Les socialistes proposeront en sus leur version de compromis au camp gouvernemental: 3% à partir de 10 millions d'euros, mais en excluant les entreprises innovantes et familiales.

Philippe Brun (PS), négociateur pour son groupe sur le budget, estime son rendement à "15 milliards", une estimation nettement rehaussée pour cette Zucman bis par rapport à de précédents calculs.

Mais elle peine à convaincre le reste de la gauche. "On n'a jamais été contre voter des amendements de repli" mais "c'est une taxe passoire", estime Eric Coquerel, président LFI de la commission des Finances.

Et l'horizon paraît bouché face à une levée de boucliers au centre et au RN.

"On est contre toutes les versions", assume Sylvain Maillard (Renaissance). Zucman, c'est "non, ni light ni hard ni rien du tout", a martelé Marine Le Pen, patronne du RN. Quant à Sébastien Lecornu, il a estimé jeudi qu'"il ne faudrait pas que des impôts improvisés créent des faillites certaines" d'entreprises.

De quoi susciter le pessimisme : "Zucman ça passe pas, l'amendement (de repli) non plus", pensent séparément deux députés PS.

Pour autant, certains imaginent en cas d'échec un autre chemin, comme un amendement du gouvernement lors de la séance qui viendrait réconcilier plusieurs camps.

"Si cela rapporte autant que la taxe Zucman, nous le regardons", a affirmé jeudi le patron des députés PS Boris Vallaud. S'il y a une "troisième voie, au gouvernement de la proposer".

- Suspense sur les retraites ? -

Dans l'ombre de l'hémicycle, la commission des Affaires sociales examinera toute la journée le budget de la Sécurité sociale. Les enjeux sont moindres puisque les députés repartiront dans l'hémicycle, la semaine prochaine, de la copie initiale du gouvernement.
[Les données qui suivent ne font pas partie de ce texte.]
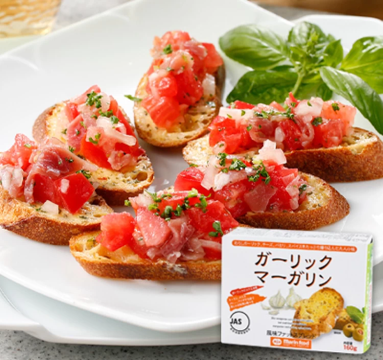 ・ソフトタイプのマーガリンにおろしガーリック、チーズ、パセリなどのスパイスをブレンドした商品

Plusieurs points chauds seront abordés: gel des prestations sociales, montant prévu des dépenses de l'Assurance maladie, etc... Mais le vote attendu sera celui sur la suspension de la réforme des retraites, autre condition de la non-censure du PS à laquelle le Premier ministre a consenti.

S'il existe une majorité à l'Assemblée pour abroger purement et simplement la réforme, le sort de cet article en commission est incertain.
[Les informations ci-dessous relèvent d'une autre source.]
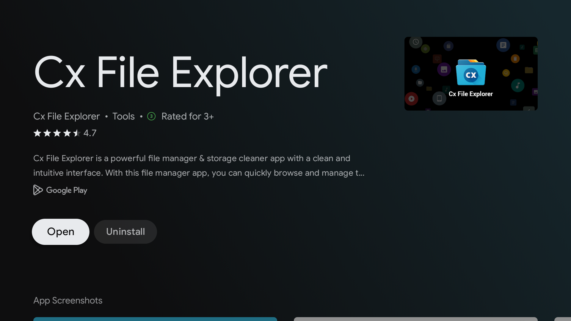 TV에 CX File Explorer 파일 관리자 앱을 설치합니다.

LR et Horizons (le parti d'Edouard Philippe) proposeront sa suppression, et pourraient être soutenus par des macronistes. Le RN devrait voter pour selon une source au groupe, tout comme les socialistes.

Mais les Insoumis ne voteront pas l'article en commission, simple "report de la hausse de l'âge légal de départ", argue Hadrien Clouet. Les écologistes l'envisagent aussi et décideront vendredi: "Hélas Macron a raison, c'est un décalage et non pas une suspension, qui quelque part entérine les 64 ans", souligne Danielle Simonnet.